Я говорил непринуждённо, даже улыбался — что ещё оставалось? Барнхауз помрачнел.
— Да, Ниобея, Джозеф, Ниобея! Вот уж где перспективы, другого столь же богатого шарика в космосе не найти. Если бы не этот человеконенавистник Штилике, я бы с помощью Ниобеи такое дал ускорение промышленности на Земле! Поворот всей нашей истории, не меньше!
Агнесса сказала с мягкостью, какой я не ожидал от неё:
— Штилике не ненавистник, Питер, он фанатик. У него глаза безумца, так мне всегда казалось. Он и жизни своей не пожалеет ради своей мрачной идеи — вытаскивать недочеловеков из пропасти. Страшно даже вспомнить, как он весь спружинивался, когда ты возражал ему. Я и сейчас содрогаюсь, лишь подумаю об этом.
— Мрачный, мрачный! — радостно подтвердил Барнхауз. — В общем, мир его праху! Поменьше бы таких деятелей. Но насчёт идеи ты не права, Агнесса. Я тоже жизнь отдам за свою идею. Но какую? Безмерно умножить благоденствие человечества — вот моя идея. Идея идее рознь, вы не находите, Джозеф?
— Да, идеи бывают разные, — согласился я и стал прощаться, ссылаясь на то, что ещё не вполне восстановил своё здоровье.
От Барнхауза я пошёл в Управление Дальнего Космоса. Помню, что очень боялся всех прохожих. Среди них могли быть знакомые Виккерса. Кинулись бы ко мне с расспросами, а я никого из них не знаю — что им говорить?
В Управлении я направился к Игнатию Скоморовскому. Он подписывал мою командировку на Ниобею, он распорядился доставить мой мозг живым на Землю. Не ученик, но друг Раздорина, Скоморовский уже лет тридцать заведовал всеми делами на всесолнечных планетах. Он не мог не знать, как из двух разнохарактерных людей составили одного человека.

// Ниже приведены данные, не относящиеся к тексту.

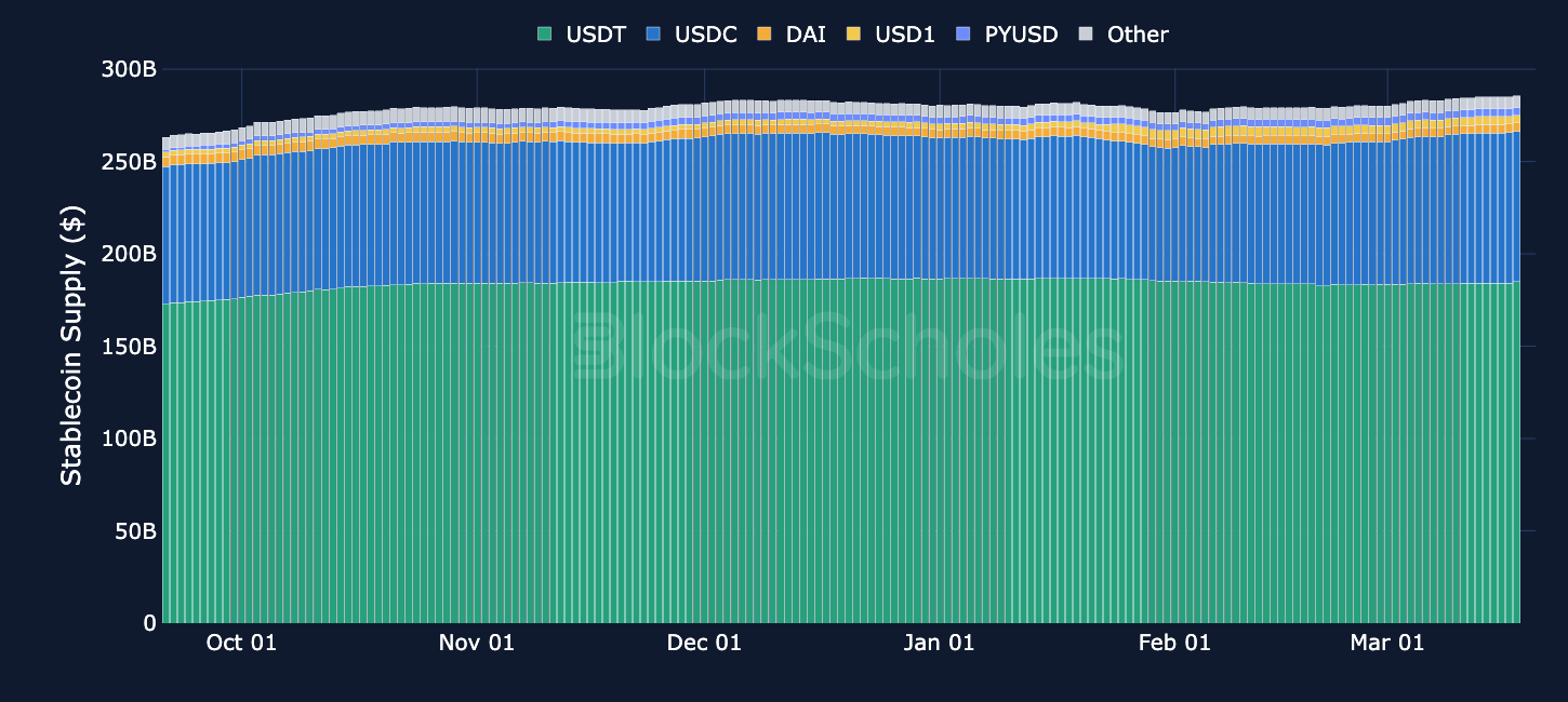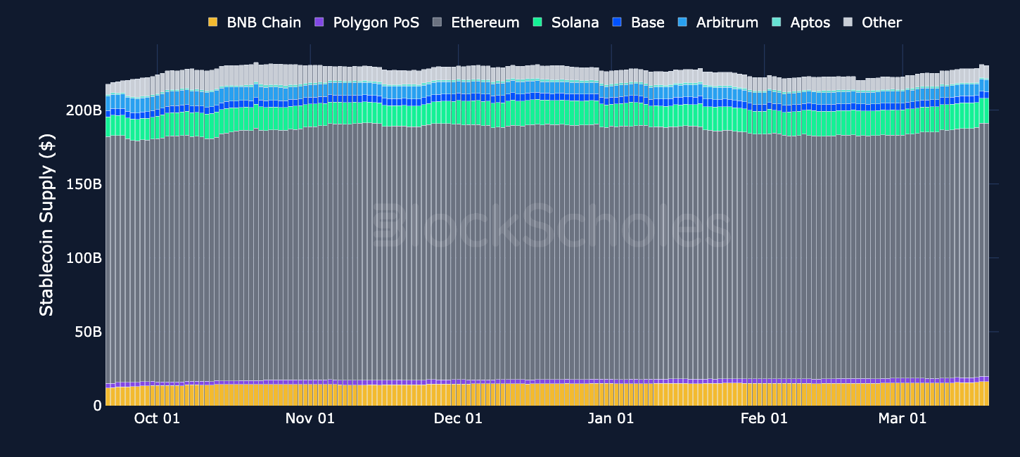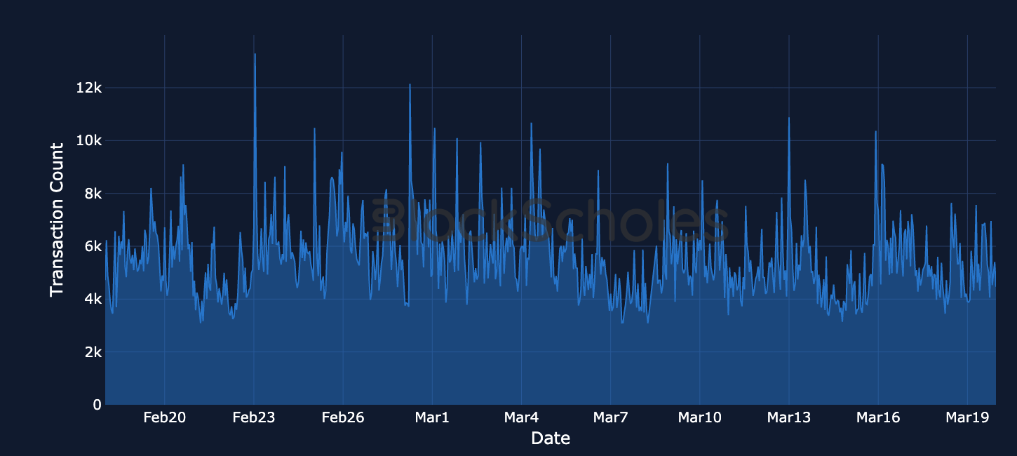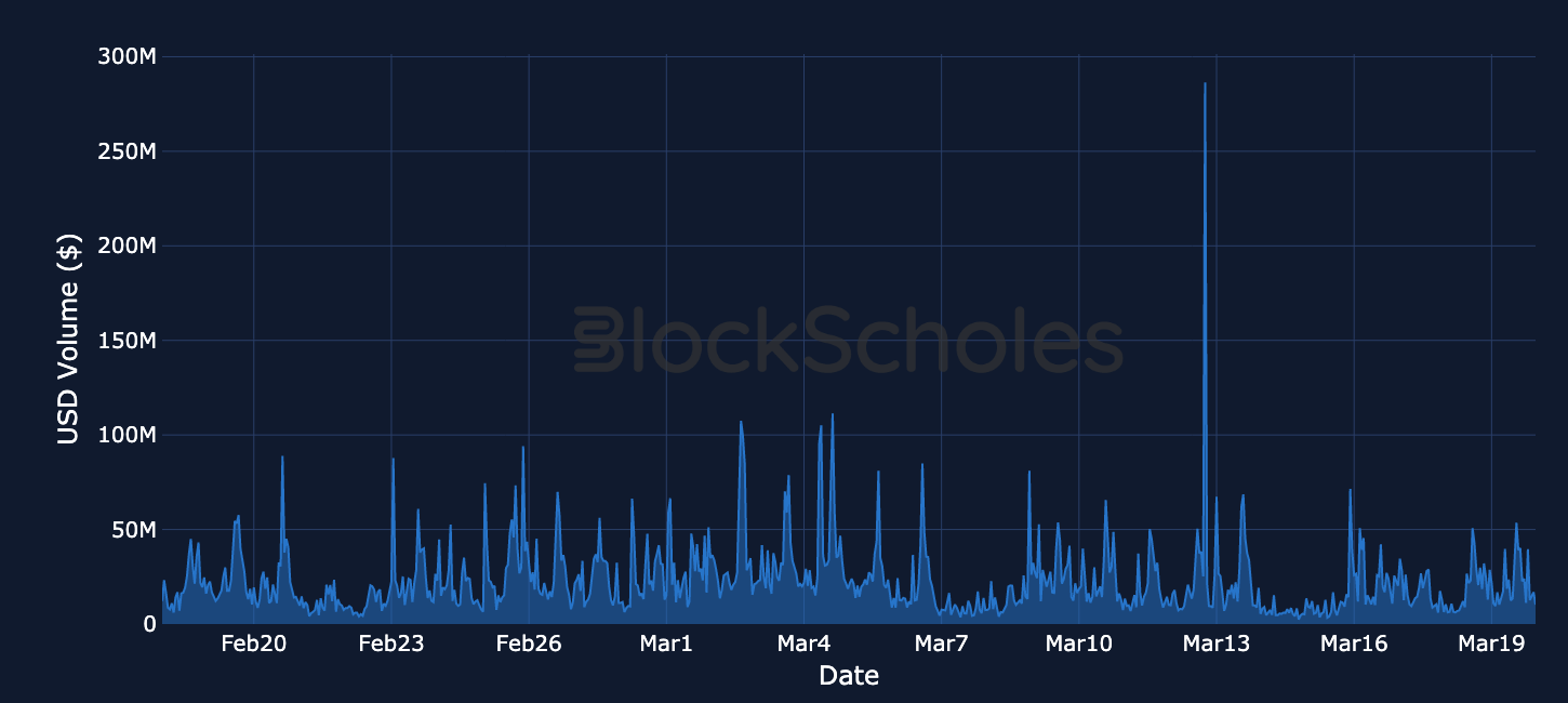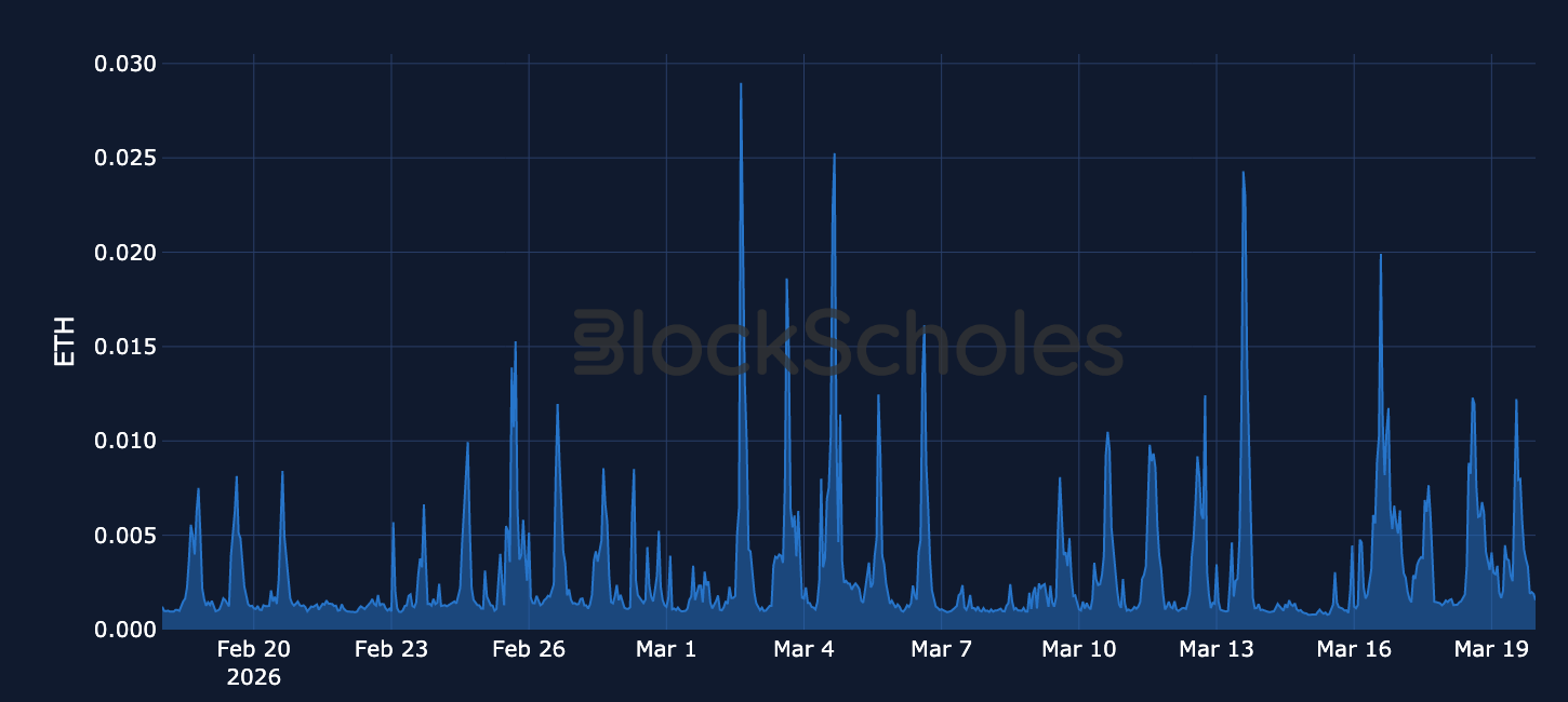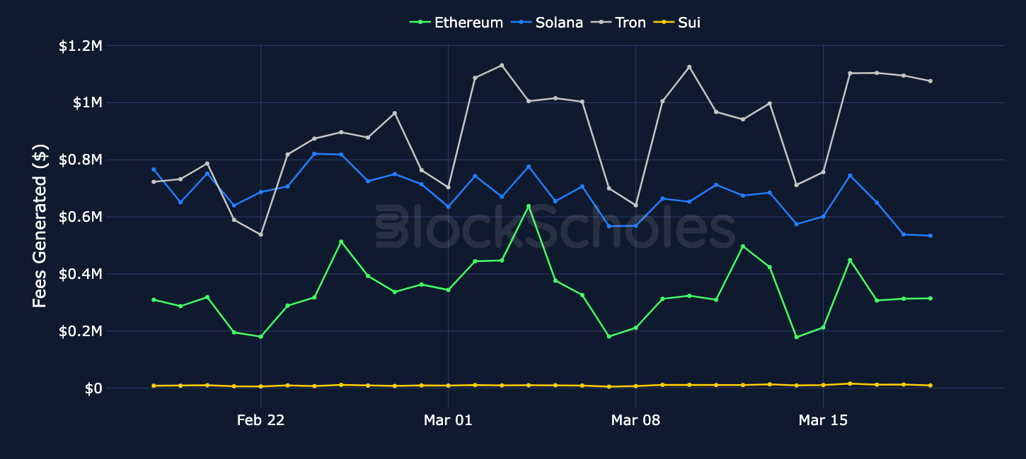 Daily Fee Generation – Over the past week, Tron fees have remained the highest, staying above $1.0M after a significant increase on March 16 from just $0.7M. Solana fees trended lower over the same period, falling rapidly from roughly $0.75M to about $0.53M. Ethereum fees briefly rose to around $0.45M before settling back near $0.30–0.32M.

Он дружески обнял меня, не так мощно, как Барнхауз, но ещё теплей. Однако по тому, как деликатно он отвёл глаза, я понял, что ему больше чем просто непривычно моё преображение. Он не смог сопоставить меня с моим теперешним обликом и растерялся: признаваться в том либо промолчать?
— Как, по-вашему, Игнатий, кто я теперь — Штилике или Виккерс? — спросил я прямо.
Он с полминуты помолчал, перебарывая неприятие моего нынешнего образа.
— Для нас вы всегда Штилике, — сказал он твёрдо, — И для будущих поколений тоже.
— Да, после моей смерти, Игнатий. Когда вы наконец погрузите мой сохранённый мозг в консервирующий раствор. Но это не скоро. Смерть моя отодвинулась, я ведь вернулся с Ниобеи на четверть века моложе, чем улетел туда. Так что с водворением мозга в Музей придётся погодить.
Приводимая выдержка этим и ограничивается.